Figure 1. A) kit with basic materials to perform the experiment: form top left to right: highlighter solution, deionized water, calibrated vials, 3D spectrometer, cap, plastic cells, droppers, LEDs, battery holder, battery, and alligator cables. The 3D printed spectrometer views: B) back view showing white LED position, C) side view showing blue LED position, D) front view with cell, blue LED and showing opening of external slit, E) inside slit and grating, F) complete setup with blue LED On, and G) white LED On. See text for details
Research instrumentation was used to validate the experiment. An Agilent 8453 spectrometer and an Agilent Cary Eclipse spectrophotometer with microplate accessory were used to measure the absorption and emission spectra, respectively. The emission spectra were measured using a 400 nm excitation and scanning from 420 to 650 nm with 10 nm slits. The solutions were prepared by adding drops of yellow highlighter solution to 2.00 mL of water in 1.0 cm2 fluorescence cells.

2.1. HAZARDS

Personal protective equipment including lab coats, gloves, and safety glasses should be worn by students when preparing solutions and completing experiments.
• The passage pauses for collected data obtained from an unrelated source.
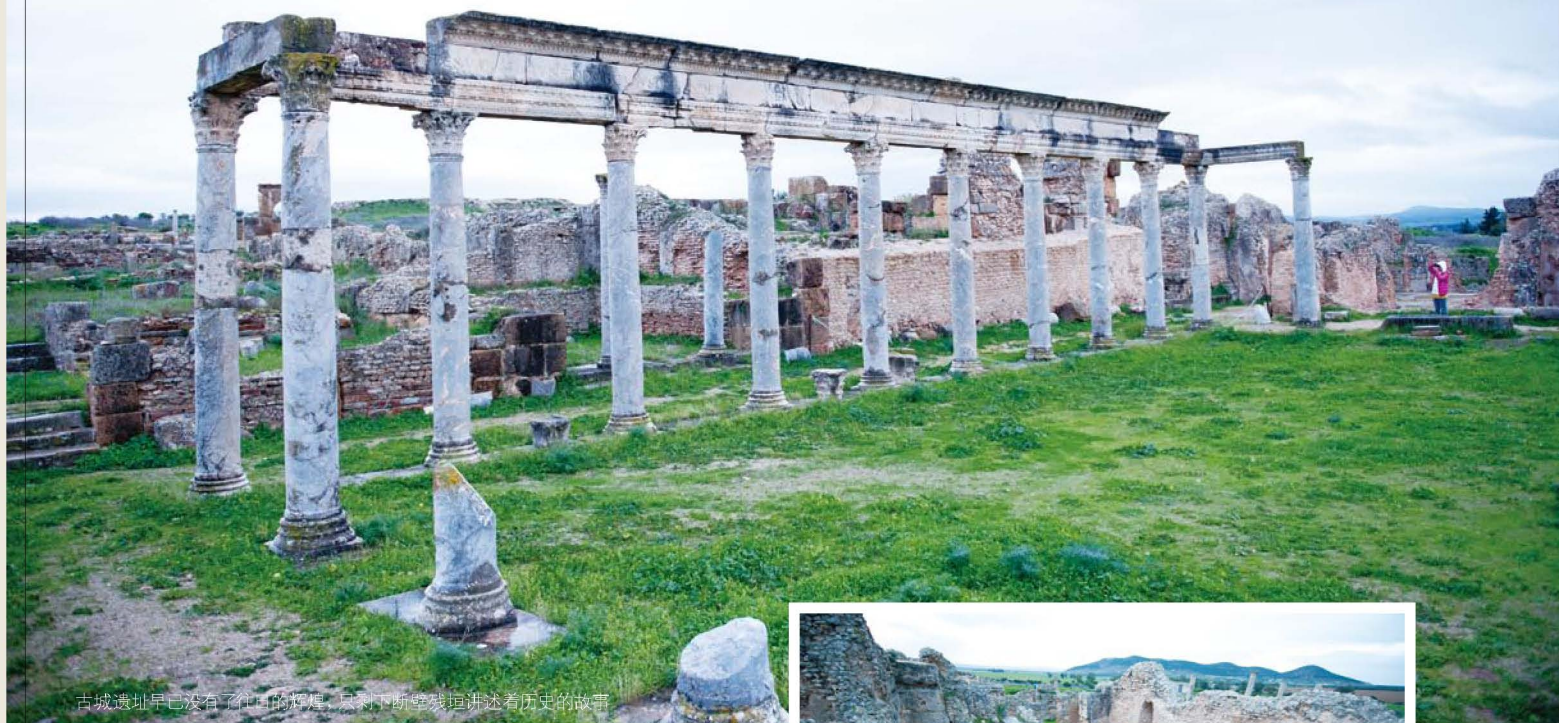
古城遗址早已没有了往日的辉煌，只剩下断壁残垣讲述着历史的故事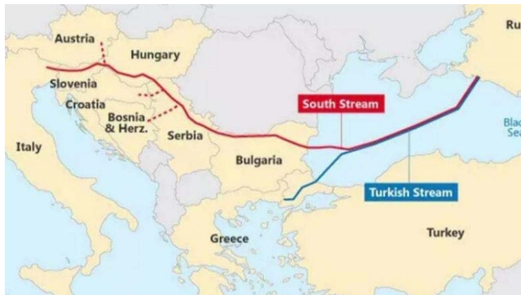
3. ábra. A Déli Áramlat tervezett nyomvonala

Oroszország is már korán felismerte Európa déli irányból való gázellátásának fontosságát. A jelenlegi helyzetben ez ma igazi hosszútávú stratégiai gondolkodásként értékelhető. Ezért Oroszország a Nabucco megbukása után azonnal az ábrán zöld színnel jelölt Déli Áramlat megépítése mellett döntött. Ez a Fekete-tengerbe fektetett vezetékkel Bulgáriában ért volna partot, amint 3. ábrán pontosabban látható.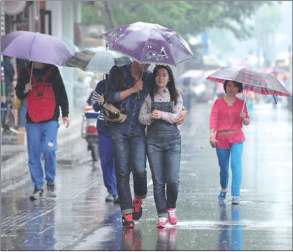
10日下午,在济南街头,人们在雨中行走。

区。其中,我省大部分地区降小到中雨,鲁西南局部地区下到大雨的雨量。 据省水文局统计,5月10日8时至18时全省平均降雨量7毫米,过程降雨量较大的站点,济宁任城区黄庄31.5毫米,泰安岱岳区大汶口31.5毫米,济宁泗水县贺庄29.0毫米。 据省气象台预报员介绍,11日白天,这一次全省性的降雨天气还将持续;11日下午开始,降雨自西向东逐渐结束,到晚间预计除半岛东部地区,我省其他地区的降雨就基本结束了。 雨过天晴后,到下周初气温也将明显回升,预计内陆地区的高温将再回到28℃左右的水平。

These items were also included in a second kit that was also mailed to the student. The Sharpie highlighter contains 8-Hydroxypyrene-1,3,6-trisulfonic acid trisodium salt (PubChem CID 61388, CAS 6358-69-6) as yellow dye. The packaging label defines that it conforms to ASTM-D-4236, nontoxic. At the end of the experiment the dye solution can be dispose with running water.

3. Results and Discussion

Several clear and well-written papers concerning colour phenomena have appeared in the chemical education and physics education literature. The scientific literature abounds with theoretical and applications-oriented discussions of colour science, reprographics, and dye chemistry. Many videos are available on the internet that could be used as a primary source to present the concept of visible light. However, hands-on experiences help the student grasp better the concepts. Therefore, in this part, the student measured the dispersion of white light into the visible colours using a white LED and the spectrometer with a plastic cell filled with water. This has the aim of introducing the student with the principles of light dispersion into its wavelengths and the relationship between colour, wavelength, and energy. Figure 2 shows a photograph of the visible colours obtained using the 3D printed spectrometer. A clear colour pattern that is well-known as rainbow can be seen.
Figure 2. Photo of the 3D spectrometer signal from a 1.0 cm2 cell filled with water. The light source is a white LED
Although a relatively large slit is used in the 3D spectrometer, it results in a compromise for having a good signal that the cell camera can detect. To obtain the best possible photo, the student must search for a good angle to see the colours and try to keep the position constant for all photos. Ideally, the camera should have a fixed position relative to the spectrometer. Indeed, some 3D printed spectrometers are designed for specific cell brand and model. However, under our circumstances, because of the different cellular brands available, it was almost impossible to normalize a 3D setup with a base for steady cell position.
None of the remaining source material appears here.